VLT LBG Redshift Survey II: Interactions between galaxies and the IGM at z ~3

TL;DR

This study investigates the relationship between galaxies and the intergalactic medium at redshift ~3 by analyzing quasar spectra and galaxy distributions, revealing increased hydrogen absorption near galaxies and insights into galaxy-IGM interactions.

Contribution

It provides new measurements of the Lya-LBG cross-correlation at various scales, accounting for galaxy velocity dispersions, and examines the presence of transmission spikes and metal systems at z~3.

Findings

Lya absorption increases within 5 h^-1 Mpc of galaxies.

Lya-LBG correlation follows a power-law beyond 3 h^-1 Mpc.
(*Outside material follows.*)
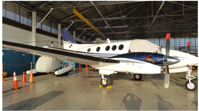
Raytheon Beech King Air Cockpit Cover, Prop Tie/Exhaust Covers, Inlet Plugs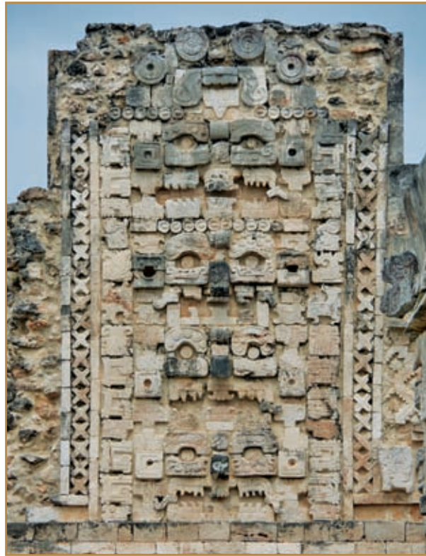
An entire wall of elaborately carved Chac rain god-heads can be seen at the nunnery at Uxmal, a site containing Mayan ruins in Mexico.

The colors are standard for the directions throughout Mayan mythology. Each of the four parts of Chac is responsible for providing rain from that direction. Chac's closest companions were frogs that croaked before rainstorms. During rainstorms, Chac threw stone axes to the ground to make thunder and lightning and emptied gourds of WATER to make rain. Today, in a Mayan Ch'a-Chak ceremony for rain, four men who represent Chac sit at the four corners of an altar. They clap sticks together, roar thunder, and sprinkle water on young boys who hop around as frogs do in a rainstorm. A shaman tends a smoky fire in the center of the altar and offers prayers as he moves around them all.

No strong evidence for star-formation feedback-induced transmission spikes.

Abstract

We have measured redshifts for 243 z ~3 quasars in nine VLT VIMOS LBG redshift survey areas, each of which is centred on a known bright quasar. Using spectra of these quasars, we measure the cross-correlation between neutral hydrogen gas causing the Lya forest and 1020 Lyman-break galaxies at z ~3. We find an increase in neutral hydrogen absorption within 5 h^-1 Mpc of a galaxy in agreement with the results of Adelberger et al. (2003, 2005). The Lya-LBG cross-correlation can be described by a power-law on scales larger than 3 h^-1 Mpc. When galaxy velocity dispersions are taken into account our results at smaller scales (<2 h^-1 Mpc) are also in good agreement with the results of Adelberger et al. (2005). There is little immediate indication of a region with a transmission spike above the mean IGM value which might indicate the presence of star-formation feedback. To measure the galaxy velocity dispersions, which include both intrinsic LBG velocity dispersion and redshift errors, we have used the LBG-LBG redshift space distortion measurements of Bielby et al. (2010). We find that the redshift-space transmission spike implied in the results of Adelberger et al. (2003) is too narrow to be physical in the presence of the likely LBG velocity dispersion and is likely to be a statistical fluke. Nevertheless, neither our nor previous data can rule out the presence of a narrow, real-space transmission spike, given the evidence of the increased Lya absorption surrounding LBGs which can mask the spike's presence when convolved with a realistic LBG velocity dispersion. Finally, we identify 176 CIV systems in the quasar spectra and find an LBG-CIV correlation strength on scales of 10 h^-1 Mpc consistent with the relation measured at ~Mpc scales.